Interesting catch, Jodi. “I don’t know if I was afraid … of finding nothing at all–only an empty void where the real me should have been.”
I’m praying for the growth, friend. Praying it is watered and nurtured into full bloom. <3
Thank you Jo Ann for your post and all that you are doing to help myself and others to go forward as courageous women of God. I have really been blessed by this community.
I tried to link up above but am not sure it went through correctly. I am not so great at computer stuff.
Here is my post on the topic of laying down masks:
Thank you for your words of encouragement. What a blessing you are to us.
Sarah Knepper is doing a great job of checking out links, so I’ll get her to take a look.

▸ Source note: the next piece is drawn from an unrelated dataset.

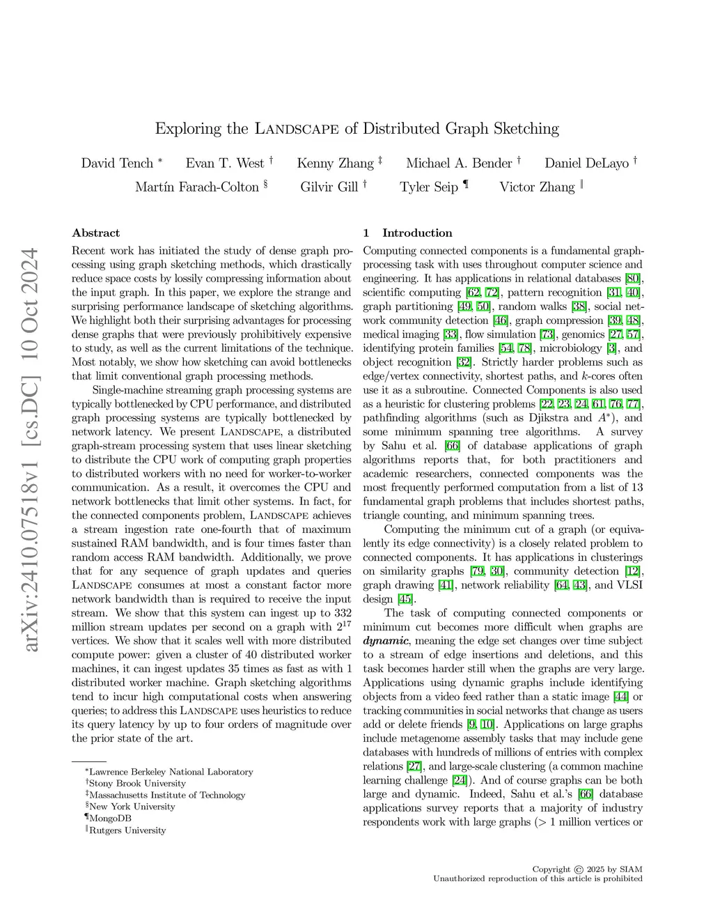 Recent work has initiated the study of dense graph processing using graph sketching methods, which drastically reduce space costs by lossily compressing information about the input graph. In this paper, we explore the strange and surprising performance landscape of sketching algorithms. We highlight both their surprising advantages for processing dense graphs that were previously prohibitively expensive to study, as well as the current limitations of the technique. Most notably, we show how sketching can avoid bottlenecks that limit conventional graph processing methods. Single-machine streaming graph processing systems are typically bottlenecked by CPU performance, and distributed graph processing systems are typically bottlenecked by network latency. We present Landscape, a distributed graph-stream processing system that uses linear sketching to distribute the CPU work of computing graph properties to distributed workers with no need for worker-to-worker communication. As a result, it overcomes the CPU and network bottlenecks that limit other systems. In fact, for the connected components problem, Landscape achieves a stream ingestion rate one-fourth that of maximum sustained RAM bandwidth, and is four times faster than random access RAM bandwidth. Additionally, we prove that for any sequence of graph updates and queries Landscape consumes at most a constant factor more network bandwidth than is required to receive the input stream. We show that this system can ingest up to 332 million stream updates per second on a graph with vertices. We show that it scales well with more distributed compute power: given a cluster of 40 distributed worker machines, it can ingest updates 35 times as fast as with 1 distributed worker machine. Landscape uses heuristics to reduce its query latency by up to four orders of magnitude over the prior state of the art.

Can’t wait to read your post.
“There are those days I fear being found out. Fear being known. Fear being exposed for who I really am. Naked and afraid, I hide under my perfected and polished fig leaf.” Yes, fear is so real some days that it dictates my life. Praying for God to release that fear and replace it with hope and live. Thank you, my friend, for this beautiful post.
Oh for those days that we overcome fear to be each and every one! Thank you, Tina, for your heart, your courage, and your intentional efforts to bring God glory.
Oh boy. I can so relate to this! How tragic that we, in fear and pain, do all we can to keep from being found out, when the truth is that there is nothing to hide… God knows full well who we are! He knows us and loves us just the same! Thanks Jo for this wonderful post. I think so many struggle with this. Colleen
Oh so true, Colleen. Oh. so. true.
The is my blog on masks. I hope it can be posted. Thank you, Norma Brumbaugh
To this day, I wear a mask hiding how I truly feel and who I truly am. Before in the past, I’d help everyone in need and love everyone the same. It takes alot even cracking my most inner thoughts to actually have me share my feelings with anyone. I don’t know what it feels to share anything with anyone and disconnecting myself by deleting social networks and disconnecting from friends while also hiding the truth of a decision I made months ago and not tell anyone as to why I did it since its something I cannot begin to share with anyone since I do not trust people and the fear of being found out has the walls surrounding my heart even thicker and further more it makes my pride go to a new high. Thank you Jo Ann for this article!
Father, I just lift up this precious soul to you. Strengthen Raul to be able to finally lay this burden @ your feet. Give comfort & healing where it is needed. Thank you for the opportunity of this place in which we can come together for the soul purpose of loving on & supporting each other. Father, only you know the when & the how of each of us finding our voices & in so doing, gain new freedoms. I ask that you would come against all fear of being found out. Instead give Raul a new boldness to speak. Provide ones with whom trust can finally be found. Use each of us Father to be that safe place to land, that harbor in the storm where we can hold each other up until the winds of destruction & fear have subsided. Give each of us an extra measure of your compassion & love for us as we journey forth on the road to breaking down walls that surround our inner most hearts & hold us captive. Cause the walls to come crashing down. Release us into all that you have for us. In Jesus Mighty Name. Amen & Amen!!!
We love you Raul ~~ This is a place of safety. Thank you JoAnn for providing this place. I know it was divinely directed.
Hello, I was researching a topic for my women’s ministry and stumbled upon this article. It blessed me. I have been personally struggling with myself, and trying to see what and who I am. The mask I continue to hid behind and why? I consciously thought this would be helpful for the women in my church it would be best to address the issue as a whole. Thank you for the article!!!!